Grüßle aus Titiwu  :Wink: 

Franz

----------

## lxg

Ich habe das Problem auch (zumindest so ähnlich): Ich kann auch bestimmte DVDs schauen (mittels der „bösen“ lib******2  :Wink: ), andere aber nicht. Habe dazu ein wenig recherchiert, aber kein wirkliches Ergebnis gefunden. Ich glaube aber, dass was hiermit zu tun hat, oder mit ähnlichen Ansätzen: http://www.heise.de/newsticker/meldung/Deutsche-DVDs-mit-neuer-Kopiersperre-Update-175195.html

edit: Wenn die DVD vorher funktioniert hat, dann ist das wirklich seltsam.   :Confused: 

----------

## franzf

Nein, an Kopierschutz o.Ä. wird es nicht liegen.

Aber ich habe eine Kleinigkeit entdeckt, die vllt. in die richtige Richtung führt:

Ich verwende sehr selten xine (media-video/xine-ui) zum Abspielen. Hab das gerade mal versucht, und prompt hat es die DVD abgespielt!

Dachte ich mir "Super, liegt am Programm" - wieder nix!
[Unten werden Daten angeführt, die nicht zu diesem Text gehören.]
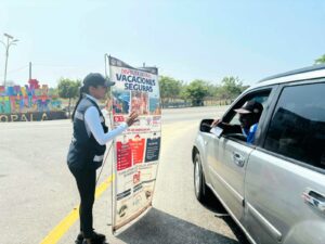 A través de orientación directa, personal de la Dirección General de Prevención Social del Delito de la Secretaría de Seguridad Pública se despliega en puntos estratégicos del municipio de Copala, con el objetivo de brindar información preventiva que permita a la ciudadanía disfrutar de unas vacaciones seguras y sin contratiempos.
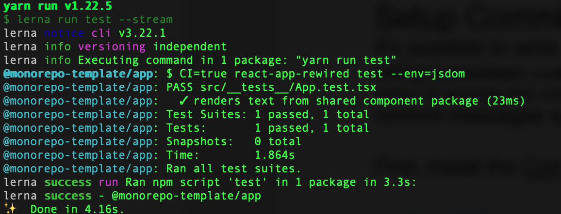 Having that said, let’s start with cloning a cra-typescript-monorepo-template repository. Additionally, we have to install our dependencies via yarn command.
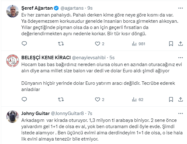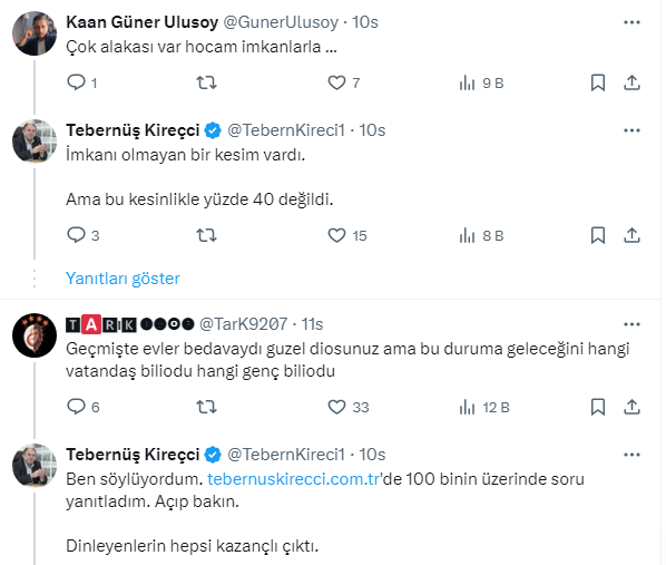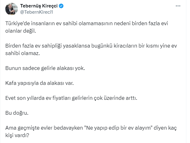Kireçci'ye göre Türkiye'de insanların ev sahibi olamamasının nedeni birden fazla evi olanlar değil. Kireçci, ev fiyatların son zamanlarda arttığını söyleyerek şu noktaya değindi evler bedavayken "Ne yapıp edip bir ev alayım" diyen kaç kişi vardı?'' diye sordu.

Der nächste Versuch gab den selben SegFault wie vlc.

Ergo: Irgend eine Config/Cache/... wird beim ersten Lesen geschrieben, beim Lesen kommt es dann zu einem Problem (so denke ich es mir).

Kann gerade hier nicht weiter testen, da sie im "Multimediarechner" liegt, und Xine gerade auf Pause steht, damit wir das heute Abend anschauen können  :Razz: 

Danach aber mehr!

Grüße

Franz

----------

## franzf

Sodele... Leider hab ich keinen Peil woran das jetzt genau liegt :/

Wenn ich das komplette ~/.xine lösche, funktioniert das Playback, wenn ich direkt beim ersten xine-start abspiele.

xine starten-> schließen->starten->abspielen crasht schon.

Es liegt wohl an einer speziellen Kofiguration, wenn ich nur die config lösche geht es auch (seh ich grad, gestern hat das so nicht funktioniert   :Rolling Eyes:  ).

Es muss wohl an einer bestimmten (neueren oder inkompatiblen) Einstellung liegen, da ich ja vor dem allerersten funktionierenden Versuch bereits eine config hatte.

Skurril skurril...

Wenn ich mal Zeit und Muse hab, werd ich in der config rumwüsten und schauen ob ich was zustande bring.

Grüße

Franz

----------